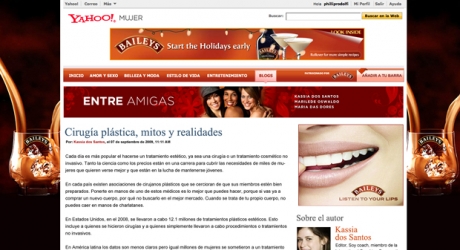 Yahoo Entre Amigas is a microsite developed for Yahoo! Latin America, featured on the Yahoo! Mujer En Espanol entity. The website featured content from three bloggers. All WordPress blogs were available on the site. The homepage aggregates content from all three, featuring articles with i...
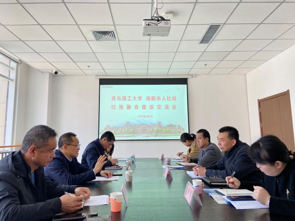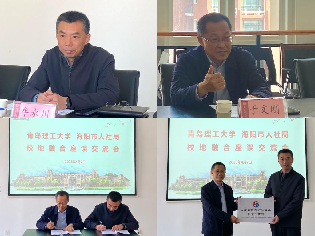 座谈会上,牟永川首先代表学校对海阳市人力资源和社会保障局一行到来表示热烈欢迎,并从学校办学特色、人才培养、2023届毕业生生源分布情况等方面进行介绍。牟永川表示:“政校企三方聚力有利于实现人才、技术和项目的精准供需对接,实现多方共赢。希望通过此次座谈进一步强化校地、校企合作,与海阳市共同走出政校企合作新路子。”于文刚从核电、风电、航天等海阳市国家战略发展重点项目情况、人才需求、人才政策等方面介绍了海阳市产业发展状况,并提出依托学校和企业资源优势开展深入合作,吸引学子们来到海阳创新发展,共同打造城市与人才高质量发展“共赢”之路的衷心期盼。热切交流过后,双方就加强人才引进工作、开展深度交流合作达成了共识,签署海阳驻青岛理工大学引才工作站协议并进行授牌。
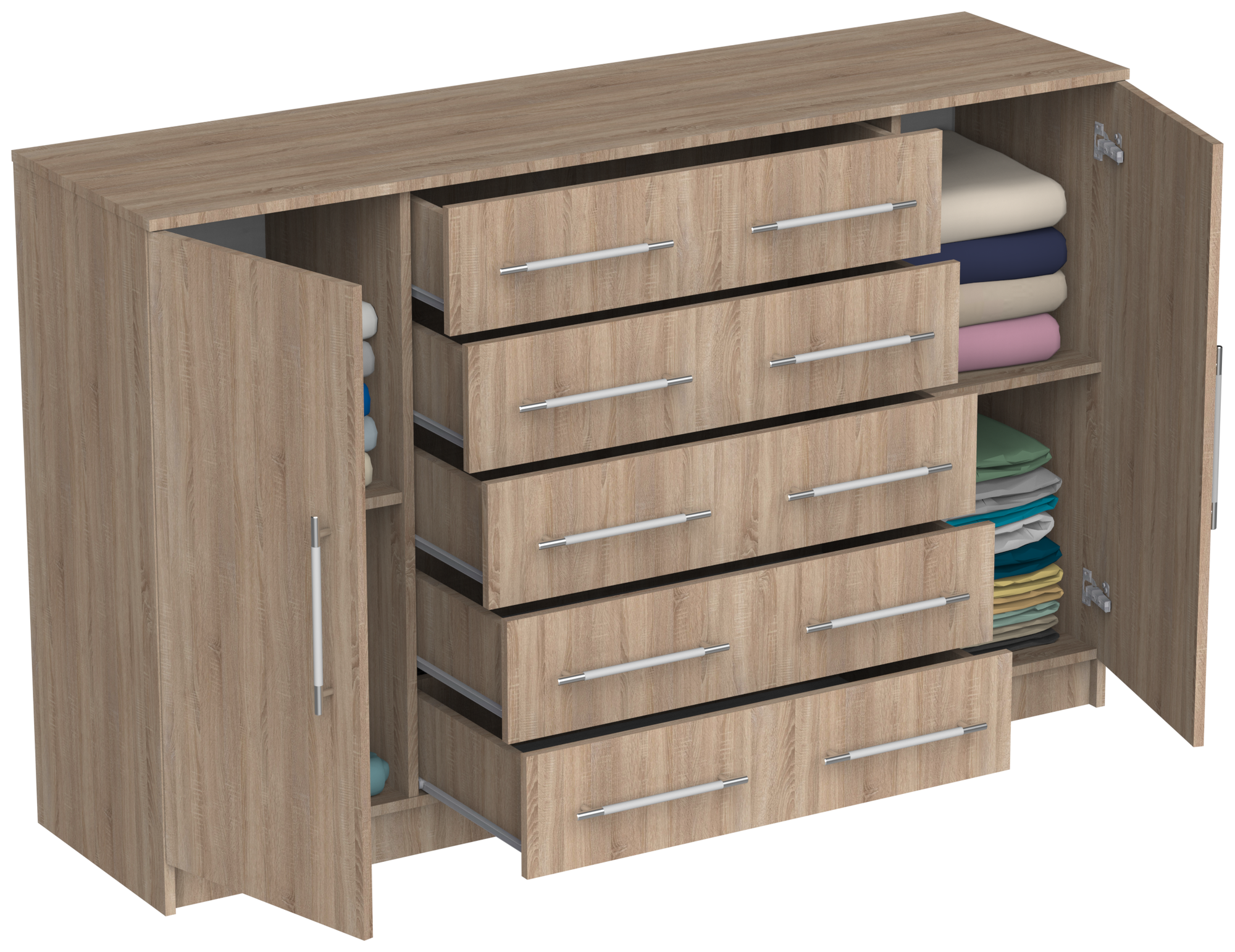 СохранитьКомод Капри-9 с 5 ящиками и 2 дверцами, ШхГхВ: 161х43х101 см, дуб сонома интересное:

GOAL OF THE EXERCISE => Leave out the pictures and copy the rest of the material above exactly.

TASK SOLUTION =>
 Yahoo Entre Amigas is a microsite developed for Yahoo! Latin America, featured on the Yahoo! Mujer En Espanol entity. The website featured content from three bloggers. All WordPress blogs were available on the site. The homepage aggregates content from all three, featuring articles with i...
 座谈会上,牟永川首先代表学校对海阳市人力资源和社会保障局一行到来表示热烈欢迎,并从学校办学特色、人才培养、2023届毕业生生源分布情况等方面进行介绍。牟永川表示:“政校企三方聚力有利于实现人才、技术和项目的精准供需对接,实现多方共赢。希望通过此次座谈进一步强化校地、校企合作,与海阳市共同走出政校企合作新路子。”于文刚从核电、风电、航天等海阳市国家战略发展重点项目情况、人才需求、人才政策等方面介绍了海阳市产业发展状况,并提出依托学校和企业资源优势开展深入合作,吸引学子们来到海阳创新发展,共同打造城市与人才高质量发展“共赢”之路的衷心期盼。热切交流过后,双方就加强人才引进工作、开展深度交流合作达成了共识,签署海阳驻青岛理工大学引才工作站协议并进行授牌。
 СохранитьКомод Капри-9 с 5 ящиками и 2 дверцами, ШхГхВ: 161х43х101 см, дуб сонома интересное:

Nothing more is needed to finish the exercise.